What the task asks
I need the lines from the one holding "Het nieuwe hoofdkwartier" to the last line of the data below repeated exactly, both included, without pictures.

Collected data entries:
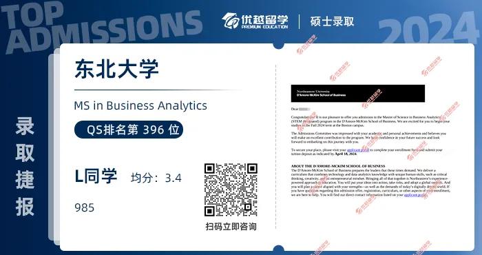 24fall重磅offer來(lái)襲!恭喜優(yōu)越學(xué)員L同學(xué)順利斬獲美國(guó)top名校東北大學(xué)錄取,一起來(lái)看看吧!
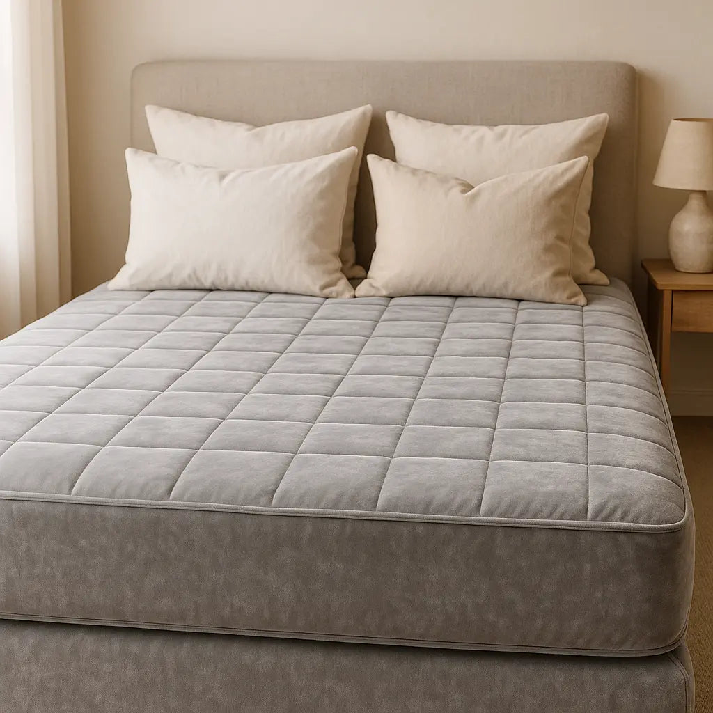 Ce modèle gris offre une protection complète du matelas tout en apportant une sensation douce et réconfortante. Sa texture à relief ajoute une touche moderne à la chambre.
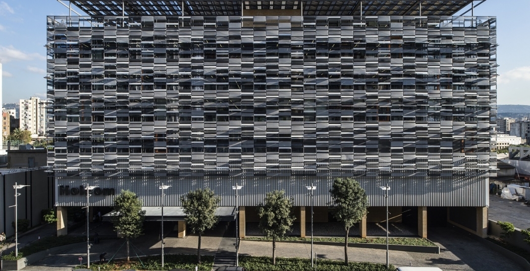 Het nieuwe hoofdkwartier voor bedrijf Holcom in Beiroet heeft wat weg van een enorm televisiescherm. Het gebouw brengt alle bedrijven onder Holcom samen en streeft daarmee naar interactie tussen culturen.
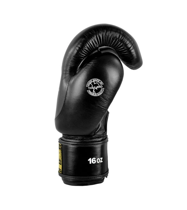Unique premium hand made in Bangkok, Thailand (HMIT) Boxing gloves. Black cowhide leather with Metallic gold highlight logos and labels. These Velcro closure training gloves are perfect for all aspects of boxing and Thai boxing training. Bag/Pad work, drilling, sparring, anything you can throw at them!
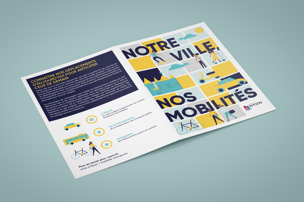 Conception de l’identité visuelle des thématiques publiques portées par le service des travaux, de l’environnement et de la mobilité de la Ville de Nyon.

Completed task
 Het nieuwe hoofdkwartier voor bedrijf Holcom in Beiroet heeft wat weg van een enorm televisiescherm. Het gebouw brengt alle bedrijven onder Holcom samen en streeft daarmee naar interactie tussen culturen.
Unique premium hand made in Bangkok, Thailand (HMIT) Boxing gloves. Black cowhide leather with Metallic gold highlight logos and labels. These Velcro closure training gloves are perfect for all aspects of boxing and Thai boxing training. Bag/Pad work, drilling, sparring, anything you can throw at them!
 Conception de l’identité visuelle des thématiques publiques portées par le service des travaux, de l’environnement et de la mobilité de la Ville de Nyon.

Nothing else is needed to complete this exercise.